One of the community

In many ways, Jensen also had just the right feeling about Lawrence.

He came to town after four years as sub-dean in canon at Christ Church Cathedral in New Orleans, looking for a place where he could be the rector — the head priest — and Natalie could pursue coursework in a doctoral program.

“And so it really was the perfect fit,” Jensen says. “I wanted to be, preferably, in an older, downtown church, and I came for the interview and before I even saw the church I knew this was where I was supposed to be.”

Jensen made it a point to become engaged in the community from the beginning, using daily walks down Massachusetts Street as a way to get to know others beyond Trinity’s 500 parishioners. From his walks, he’s met non-members he’s has both married and buried.

He also helped reach the community through the Trinity Interfaith Food Pantry. During his time, the pantry grew to help more people, including 7,000 last year, says Barry Molineux, the pantry’s volunteer coordinator.

Within the church itself, Jensen oversaw the most visual change to the church: The addition of the colonnade and the renovation of the church, which he oversaw from beginning to end.

But it was something slightly less visible, the addition of a Sunday night Solemn High Mass, that really put a stamp on things, says Father Paul McLain, Trinity’s curate, or assisting priest.

“The service involves incense, just some beautiful choral music and some of the service is chanted by the priest,” says McLain, who will take over the preaching duties until an interim rector is named. “It’s just a really beautiful service that many of the KU students and others. We have people who drive in from Kansas City just for this service, so it’s been a remarkable outreach to the community and an unusual offering for a service that has so many ancient components in it.”

And Jensen is proud that the service has managed to engage the younger set without resorting to the rock n’ roll route.

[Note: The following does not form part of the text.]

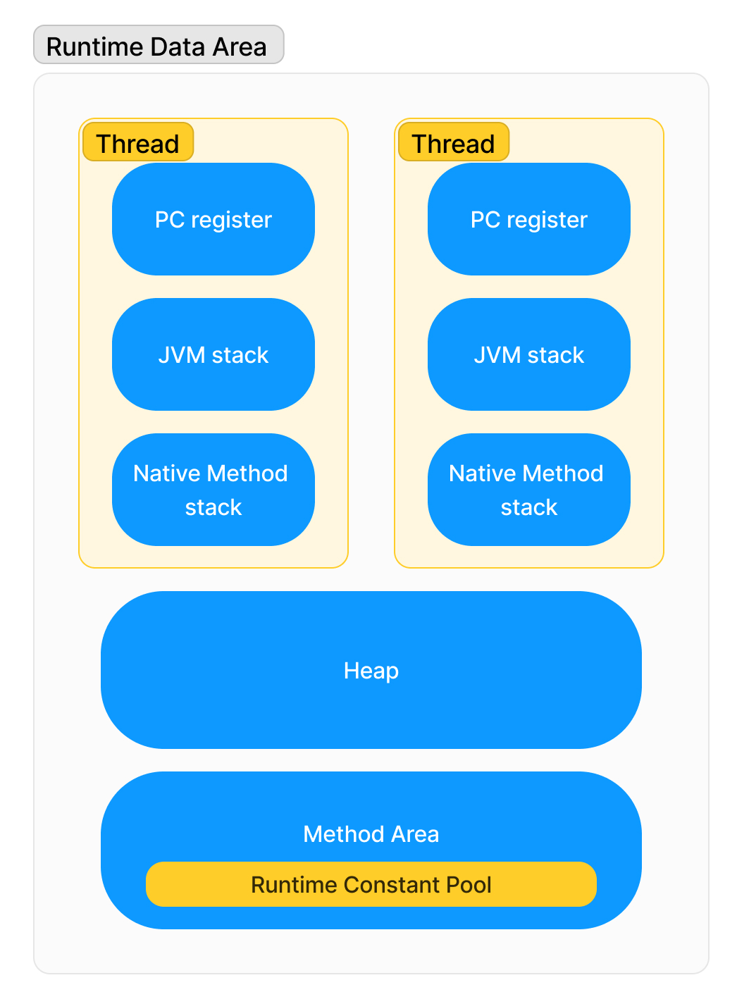 JVM의 메모리 영역은 런타임데이터 영역이다. 프로그램을 수행하기 위해 OS에서 할당받은 메모리 공간이다.

“Lots of churches in Lawrence do contemporary worship and that’s wonderful, but this is a 150-year-old downtown church that looks like an old English church and we have a fantastic organ and a wonderful choral tradition and we know what we can do best. And it’s not contemporary,” Jensen says. “And so we wanted to have this distinct offering.”

Personal dimension

Jensen says he may bring a solemn high mass to his new church in Arkansas, which boasts the governor as a parishioner, but he says only time will tell — he wants to do what’s right by the congregation.

He says the reason he chose to take the job at in Little Rock was because it was a way for him to go back to his Southern roots while achieving a goal: To be the dean of an Episcopal cathedral.

“I guess everybody has a dream job,” says Jensen, who has been a priest for 13 years. “I just imagined … the most amazing thing to do would be to be the dean of a cathedral and preferably what I knew in the South.”

Boshears, who has known Jensen now for more than a decade, has no doubt the people there are lucky to have him.

“He’s just an excellent priest and in so many ways,” Boshears says. “When I really needed a priest, he was there for me. And I think that’s probably been the experience of a lot of others as well.”